Renzo pursued his way deliberately and easily, as all he cared for was to reach the vicinity of Milan that day, so that he might enter next morning early, and immediately begin his search. The journey was performed without accident; nor was there anything which particularly attracted his attention, except the usual spectacles of misery and sorrow. He stopped in due time, as he had done the day before, in a grove, to refresh himself and take breath. Passing through Monza, before an open shop where bread was displayed for sale, he asked for two loaves, that he might not be totally unprovided for under any circumstances. The shopkeeper, beckoning to him not to enter, held out to him, on a little shove, a small basin containing vinegar and water, into which he desired him to drop the money in payment; he did so; and then the two loaves were handed out to him, one after another, with a pair of tongs, and deposited by Renzo one in each pocket.

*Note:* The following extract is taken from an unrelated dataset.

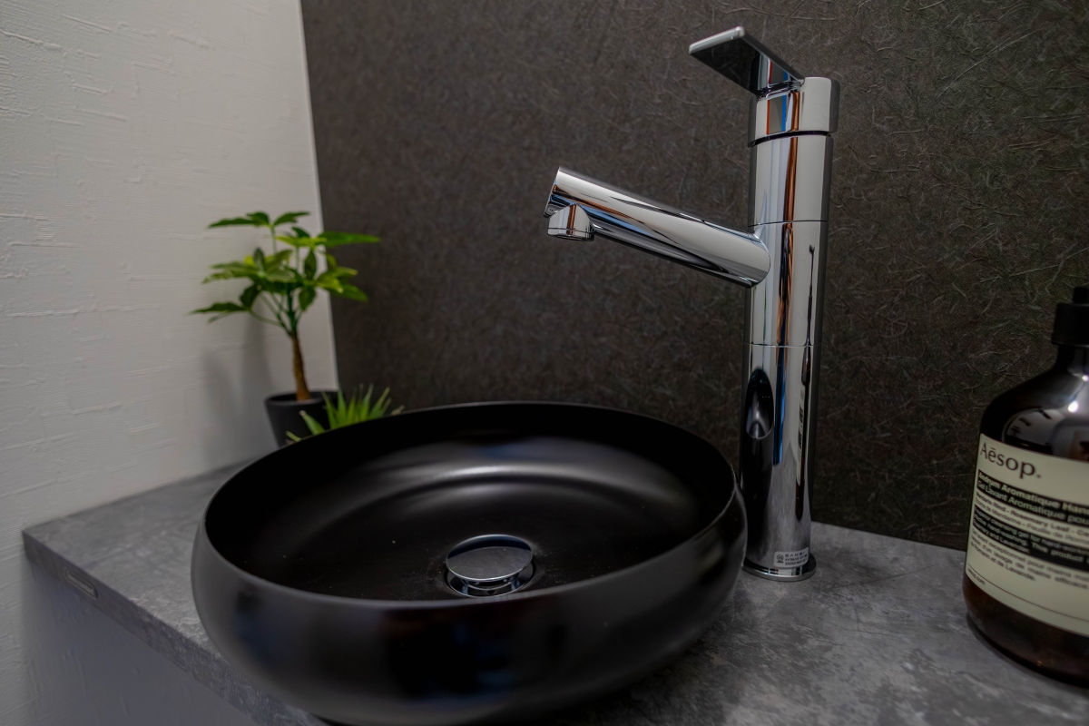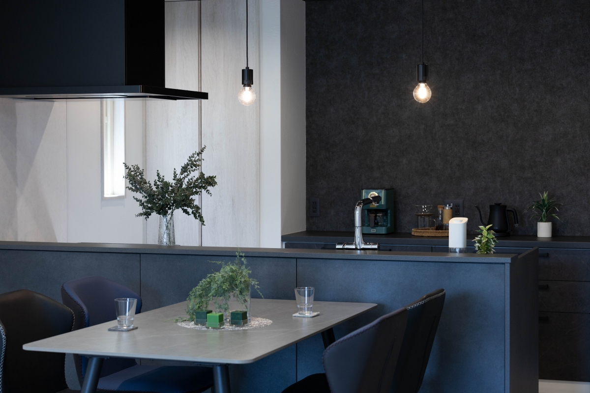 玄関を入ってすぐ右手にキッチンがある、使い勝手の良い動線設計。買い物帰りも荷物をそのままキッチンへ運べ、家事ラクを叶える間取りです。キッチンはブラックを基調に、天井まで統一感のある下がり天井で空間に奥行きと落ち着きを演出。システムキッチンの扉は「ルーナストーンダーク」を採用し、上質なマットな質感が魅力です。背面収納とも調和し、デザイン性と実用性を兼ね備えた、心地よいキッチンが完成しました。

Towards evening he arrived at Greco, without, however, knowing its name; but, by the help of some little recollection of the places which he retained from his former journey, and his calculation of the distance he had already come from Monza, he guessed that he must be tolerably near the city, and therefore left the high-road and turned into the fields in search of some cascinotto, where he might pass the night; for with inns he was determined not to meddle. He found more than he looked for: for seeing a gap in a hedge which surrounded the yard of a cow-house, he resolved at any rate to enter. No one was there: he saw in one corner a large shed with hay piled up beneath it, and against this a ladder was reared; he once more looked round, and then, mounting at a venture, laid himself down to pass the night there, and quickly fell asleep, not to awake till morning. When he awoke he crawled towards the edge of this great bed, put his head out, and seeing no one, descended as he had gone up, went out where he had come in, pursued his way through little by-paths, taking the cathedral for his polar star; and, after a short walk, came out under the walls of Milan, between the Porta Orientale and the Porta Nuova, and rather nearer to the latter.